Dendroclimatologia na Amazônia: sinais climáticos em cronologias de largura de anéis e δ¹⁸O em Cedrela odorata
Dendrocronologia, Proxies Climáticos, Mudanças Climáticas, Bacia Amazônica
A bacia amazônica é uma das regiões mais importantes para a regulação do clima regional e global. Nas últimas décadas, essa vasta região tem enfrentado eventos de extremos climáticos cada vez mais frequentes, com elevado impacto socioambiental. Entretanto, os dados que sustentam os estudos climáticos na Amazônia são relativamente recentes (< 100 anos) e apresentam baixa distribuição espacial, o que dificulta a quantificação da variabilidade climática natural e a avaliação dos efeitos antropogênicos. Diante desse cenário, o objetivo desta tese foi desenvolver cronologias centenárias de larguras de anéis de crescimento e de isótopos de oxigênio de Cedrela odorata ao longo da bacia amazônica, bem como avaliar suas relações com o clima. As cronologias foram desenvolvidas em quatro regiões da bacia amazônica, sendo três localizadas no setor leste e uma no sudoeste, incluindo três cronologias de larguras de anéis e uma cronologia de isótopos de oxigênio. A datação das séries foi realizada por meio de datação cruzada e validada com datação por radiocarbono. Apenas três cronologias foram validadas, sendo duas de larguras de anéis (FNA e RPU) e uma de isótopos de oxigênio (RPA). As cronologias FNA (1890–2021) e RPU (1921–2021) apresentaram coerência entre as amostras e validação por radiocarbono, porém não exibiram correlação climática consistente.
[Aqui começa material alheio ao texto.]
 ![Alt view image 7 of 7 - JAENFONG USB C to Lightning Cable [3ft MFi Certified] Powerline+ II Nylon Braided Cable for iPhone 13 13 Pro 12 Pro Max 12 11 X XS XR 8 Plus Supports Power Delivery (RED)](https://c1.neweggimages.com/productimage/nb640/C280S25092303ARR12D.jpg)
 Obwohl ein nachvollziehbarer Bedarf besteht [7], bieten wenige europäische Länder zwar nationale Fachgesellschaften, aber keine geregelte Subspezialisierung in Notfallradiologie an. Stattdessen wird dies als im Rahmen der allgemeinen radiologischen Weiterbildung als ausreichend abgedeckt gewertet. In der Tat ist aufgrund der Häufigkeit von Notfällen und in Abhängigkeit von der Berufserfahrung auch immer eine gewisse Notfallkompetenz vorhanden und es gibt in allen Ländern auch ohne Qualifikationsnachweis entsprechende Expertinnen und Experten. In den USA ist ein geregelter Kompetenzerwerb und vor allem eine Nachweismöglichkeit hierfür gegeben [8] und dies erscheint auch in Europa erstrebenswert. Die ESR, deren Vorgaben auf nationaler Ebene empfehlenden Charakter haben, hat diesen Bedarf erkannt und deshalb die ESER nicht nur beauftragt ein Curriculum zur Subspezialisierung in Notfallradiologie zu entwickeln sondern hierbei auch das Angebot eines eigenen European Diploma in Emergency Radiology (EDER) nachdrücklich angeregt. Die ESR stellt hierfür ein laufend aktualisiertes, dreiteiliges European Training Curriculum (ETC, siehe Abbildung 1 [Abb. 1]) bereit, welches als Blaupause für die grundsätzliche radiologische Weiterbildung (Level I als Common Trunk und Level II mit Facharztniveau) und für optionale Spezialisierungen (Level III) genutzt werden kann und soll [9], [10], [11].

Por outro lado, a cronologia RPA apresentou forte relação com o regime hídrico da região leste da Amazônia, permitindo a reconstrução da precipitação no período de 1885 a 2016. Os resultados indicam que as larguras de anéis apresentam menor sensibilidade climática em regiões tropicais e demandam estudos adicionais de cunho fisiológico, enquanto os isótopos de oxigênio se mostram uma abordagem mais promissora para estudos climáticos nos trópicos.